# Natures Rainbow



## AngelMomma (Feb 26, 2013)

Yesterday I made a soap I call Natures Rainbow.  Each color is a natural colorant.  Its scented with lavender, grapefruit, orange 5x and litsea.  Making this soap was super fun.  It did break through when I poured the second layer.  I just poured that one a little too hard.  Oh well, guess I have to do it again!!!  LOL!  Happy Soaping!:razz:


----------



## Genny (Feb 26, 2013)

Gorgeous!  Can I ask what the deep red is?


----------



## AngelMomma (Feb 26, 2013)

Its Madder Root infused oil.  I stirred the infusion to make sure to get the powder mixed into the infused oil. Then I added a touch of the Paprika oil because it was looking a tad on the brown side.  The Paprika infusion was settled though, no solids.


----------



## three_little_fishes (Feb 26, 2013)

Oh my gosh, that is so pretty!! I love rainbow colored anything!


----------



## AngelMomma (Feb 26, 2013)

Thank you


----------



## ruby61 (Feb 26, 2013)

very pretty!:


----------



## Koshka (Feb 26, 2013)

wow! Beautiful!!!


----------



## Momonga (Feb 26, 2013)

How beautiful!  How cute!  When you're grumpy because you woke up at 5:00 am to go to work on a Saturday, you step into the shower, pick up one of these, and... instant cheer!


----------



## lizflowers42 (Feb 26, 2013)

WOW!  Did you use indigo for the blue??
Could sure use a rainbow over the midwest right now!  Yuck, freezing rain, rain, now snow.  And this is just today folks!


----------



## Genny (Feb 26, 2013)

lizflowers42 said:


> Could sure use a rainbow over the midwest right now!  Yuck, freezing rain, rain, now snow.  And this is just today folks!
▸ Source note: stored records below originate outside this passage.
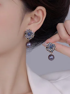Серьги бижутерия жемчуг с кристаллами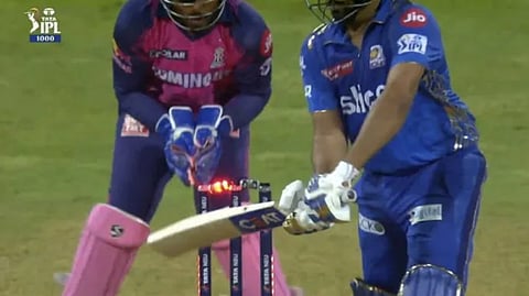 টান টান উত্তেজনার এক ম্যাচে রবিবার রাজস্থান রয়্যালসকে হারিয়ে জয় তুলে নিয়েছে মুম্বই ইন্ডিয়ান্স। রাজস্থানের সংগ্রহ করা ২১২ রানের জবাবে ব্যাট করতে নেমে তিন বল হাতে রেখেই জয় পায় মুম্বই। শেষ ওভারে জয়ের জন্য প্রয়োজন ছিল ১৭ রান। জেশন হোল্ডারকে টানা তিন বলে তিনটি ছক্কা হাঁকিয়ে তিন বল হাতে রেখেই মুম্বইকে ম্যাচ জেতান টিম ডেভিড। তবে মুম্বই জিতলেও এই ম্যাচে রোহিত শর্মার আউট নিয়ে তৈরি হয়েছে জোর বিতর্ক। মুম্বই অধিনায়ক রোহিত যে বলে আউট হয়েছেন, সেখানে বলের ধাক্কায় বেল পড়ে গিয়েছে, নাকি রাজস্থানের অধিনায়ক সঞ্জু স্যামসনের গ্লাভসের ধাক্কায় বেল পড়ে গিয়েছে, তা নিয়ে প্রশ্ন উঠতে শুরু করেছে।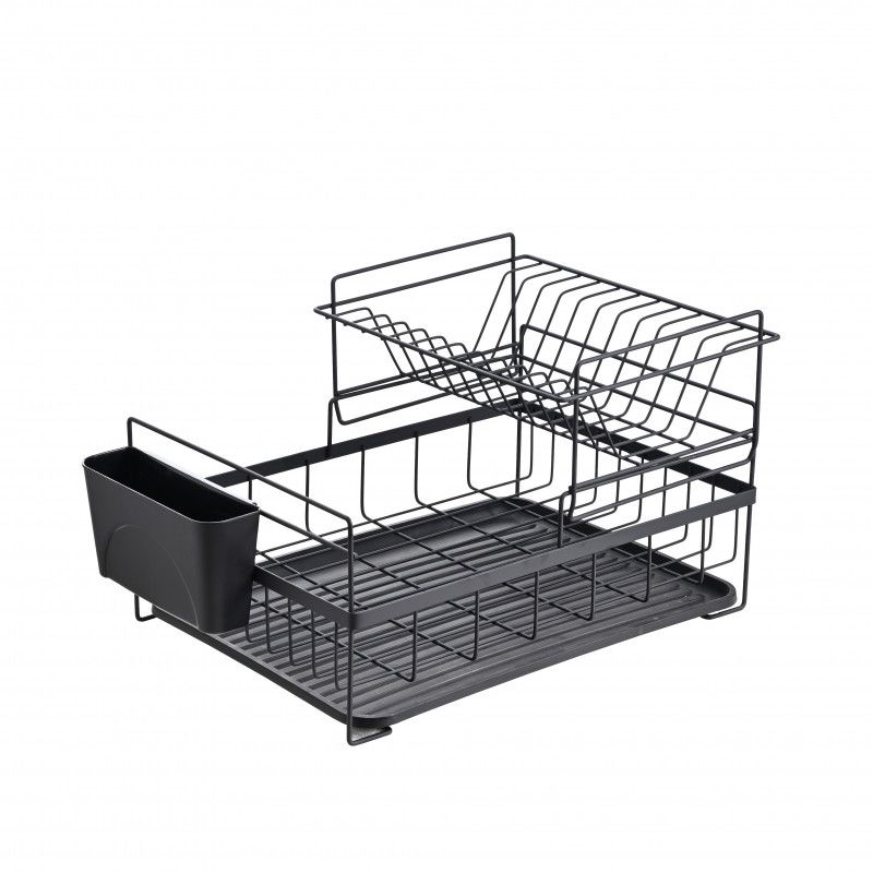 Сушилник за съдове Rosberg R53000P, 2 нива, Поставка за прибори и чинии, Черен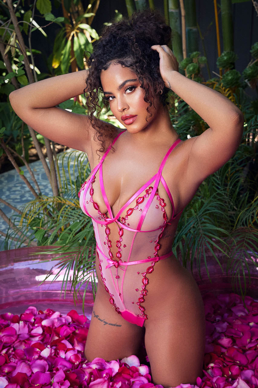 This flirty, Kiss and Tell teddy lingerie features a pale pink mesh, high cut hips, strappy bust, satin ribbon detail, heart and lip embroidered trim, string back, and cotton guslingerie set.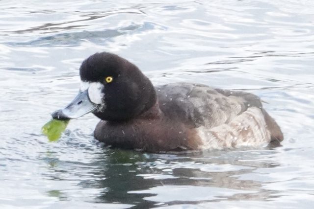 干潟の西側で、スズガモが何度も潜水して食べ物を探していました。貝を丸のみにしたり、アオサをもしゃもしゃと食べたりしていました。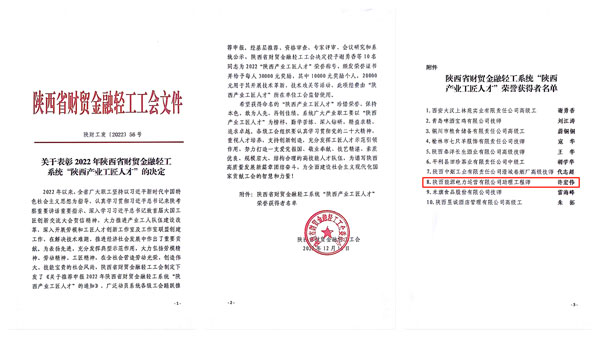 公司员工许宏伟荣获“陕西产业工匠人才”荣誉称号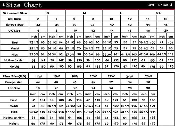 1.Farbic:Chiffon,Lace 2.Notice:Please Select the Size According to Our Size Chart Image on the Top Left(Do not refer to “Sizing Chart”) . Please Choose right style, size and color,take accurate measurements 3.Customized sizes and colors and styles are also available. Please send us your detail size: Bust, Waist, Hips and Hollow to Floor.(See Product Description list) , we are always at your service. 4.please give me your size as bust,waist,hips,heigh after you place the order 5.The shooting light and setting of your computer screen may cause slight color mismatches. All products are subject to material objects.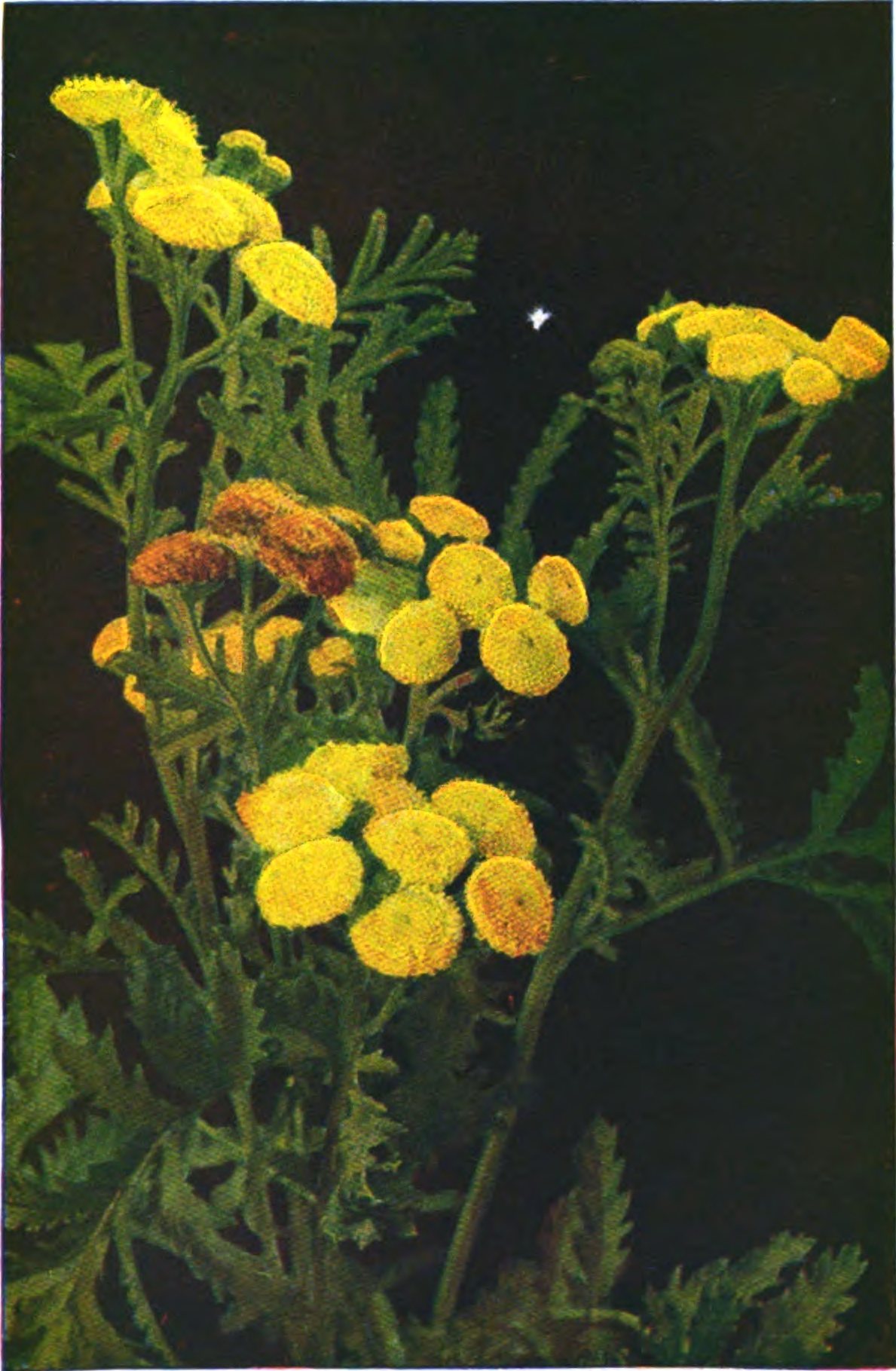 “In the spring time, are made with the leaves hereof newly sprung up, and with eggs, cakes or Tansies which be pleasant in taste and goode for the Stomache,” wrote quaint old Gerarde. That these were popular dainties in the seventeenth century we further know through Pepys who made a “pretty dinner” for some guests, to wit: “A brace of stewed carps, six roasted chickens, and a jowl of salmon, hot, for the first course; a tansy, and two neat’s tongues, and cheese, the second.” Cole’s “Art of Simpling,” published in 1656, assures maidens that tansy leaves laid to soak in buttermilk for nine days “maketh the complexion very fair.” Tansy tea, in short, cured every ill that flesh is heir to, according to the simple faith of medieval herbalists—a faith surviving in some old women even to this day. The name is said to be a corruption of athanasia, derived from two Greek words meaning immortality. When some monks in reading Lucian came across the passage where Jove, speaking of Ganymede to Mercury, says, “Take him hence, and when he has tasted immortality let him return to us,” their literal minds inferred that this plant must have been what Ganymede tasted, hence they named it athanasia! So great credence having been given to its medicinal powers in Europe, it is not strange the colonists felt they could not live in the New World without tansy. Strong-scented pungent tufts topped with bright yellow buttons—runaways from old gardens—are a conspicuous feature along many a roadside leading to colonial homesteads.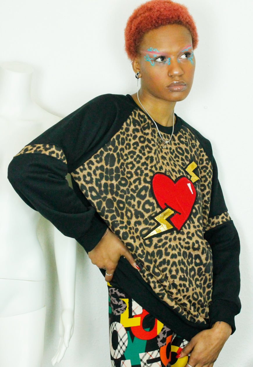 LOVE HURTS Leopard and black oversize sweater with large heart and lightning bolts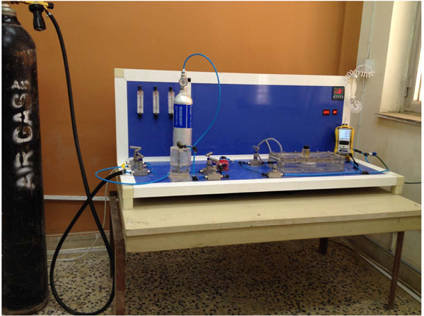 The used laboratory reactor and schematic diagram of the experimental setup are represented in Figs. (2 and 3), respectively. The NOx photodegradation chamber and all other accessory components were designed according to the ISO 22197-1:2007 standard [32]. The NO inlet concentration and gas flow were modified to satisfy the research purposes and test requirements. The photodegradation chamber had a rectangular shape with dimensions of 30 cm x10 cm and was made of non-absorbing plastic. The system was completely sealed to prevent inadvertent leakage of the NO gas/air mixture. The gas detector device was from RAE Systems by Honeywell-USA, San Jose. The detection limits were 0-250 ppm for nitric oxide, 0-20 ppm for NO2 and 1-1000 ppm for VOCs. This device is simpler than the ordinary gas analyser used by others [18, 25] and is intended to facilitate the experimental setup with lower costs but sufficient accuracy as stated elsewhere [33].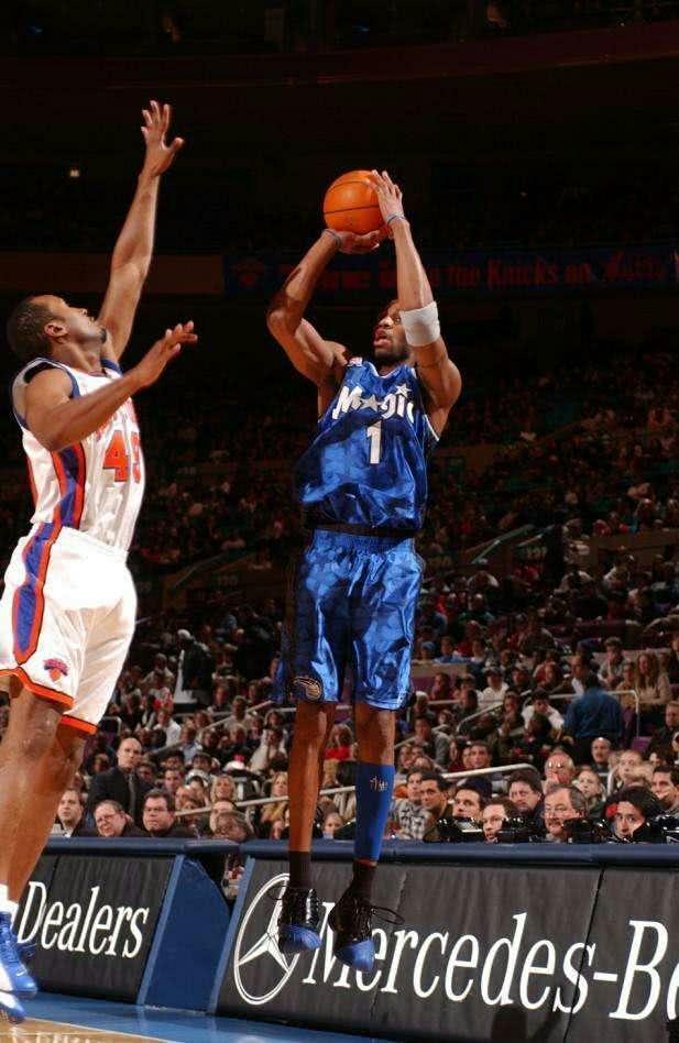 麦迪的投篮动作十分销魂,高高拔起后在最高点出手,篮球划出完美的弧线
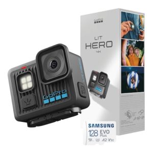 【GoPro公式ストア限定】 GoPro LIT HERO + 認定SDカード 4K/60fps 12MP静止画 スローモーション対応 LEDライト内蔵 防水5m 手ぶれ補正 タッチスクリーン 内蔵マウント + 1/4-20ネジ Wi‑Fi & Bluetooth
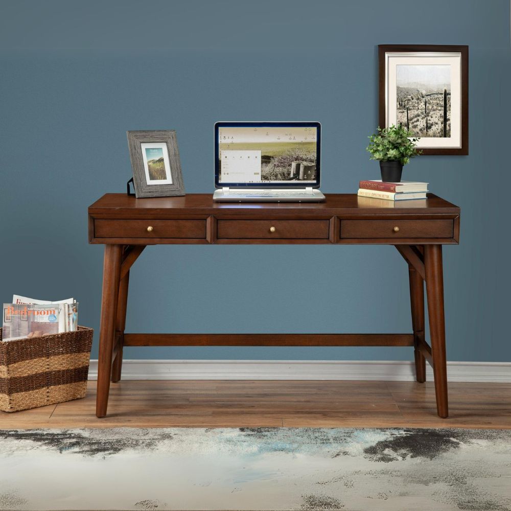 Influenced by Mid-Century design, the Flynn 3-Drawer Desk combines clean-lines and tapered legs for a distinctive look. Featuring Mahogany wood solids and Okume veneer, use this piece to anchor your home office in sophisticated style. Finished in a rich walnut color, the drawers are felt lined and have accent hardware.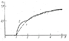 У тому, що це є саме точний нижній кордон, можна переконатися таким чином. Поля, в яких, фізично не реалізовуються, бо інакше порушилося б співвідношення (3.3), яке повинне бути справедливым для всіх без виключення полів. В той же час поля з існують при будь-якому п. Наприклад, поле, в якого відмінні від нуля лише, є саме поле з мінімальною мірою когерентності другого порядку. Відзначимо, що при 0 і, отже, міра когерентності другого порядку може набувати будь-яких позитивних значень. На рис. 3.1 представлені нижній кордон можливих значень g2 згідно (3.2) і точний нижній кордон (3.8) (криві 1 і 2, відповідно).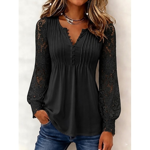 Per donna Blusa Tinta unica Elegante Casual Manica Lunga Scollo a V Top Regolari Quotidiano Pizzo Patchwork Bottoni Blu Nero Bianco Rosso Viola Primavera Autunno

Would it be mean if I gloated & said it's a toasty 39 degrees here in upper Wisconsin right now?


----------



## AngelMomma (Feb 26, 2013)

Genny said:


> Would it be mean if I gloated & said it's a toasty 39 degrees here in upper Wisconsin right now?


 
Genny! For shame  Its 54 here :twisted: We all are in need of spring cheer though for sure!!!! I lived in Nebraska for 22 years:think: so I know how winter can drag on and on.


----------



## AngelMomma (Feb 26, 2013)

lizflowers42 said:


> WOW! Did you use indigo for the blue??
> Could sure use a rainbow over the midwest right now! Yuck, freezing rain, rain, now snow. And this is just today folks!


 
Yes the blue is indigo.  Sorry your weather is so dreary :-|


----------



## lizflowers42 (Feb 26, 2013)

Genny said:


> Would it be mean if I gloated & said it's a toasty 39 degrees here in upper Wisconsin right now?



:evil: 

That was our weather yesterday.  Oh well, more free soft water for soapmaking!


----------



## RocknRoll (Feb 26, 2013)

Those look really cool! Glad that you had fun making them! :mrgreen:


----------



## sweethavenarts (Feb 26, 2013)

AngelMama, would you be willing to share what you used for each color? pretty Please with rainbows on top?


----------



## Mommysoaper (Feb 26, 2013)

So pretty!  Amazing what bright colors you can get using natural elements!


----------



## AngelMomma (Feb 26, 2013)

sweethavenarts said:


> AngelMama, would you be willing to share what you used for each color? pretty Please with rainbows on top?


 
Sure.   All plant materials were mixed into slightly warmed oil and then steeped for a few days.  These were the infused oils I used to color the layers.  I added the different colored infusions at trace.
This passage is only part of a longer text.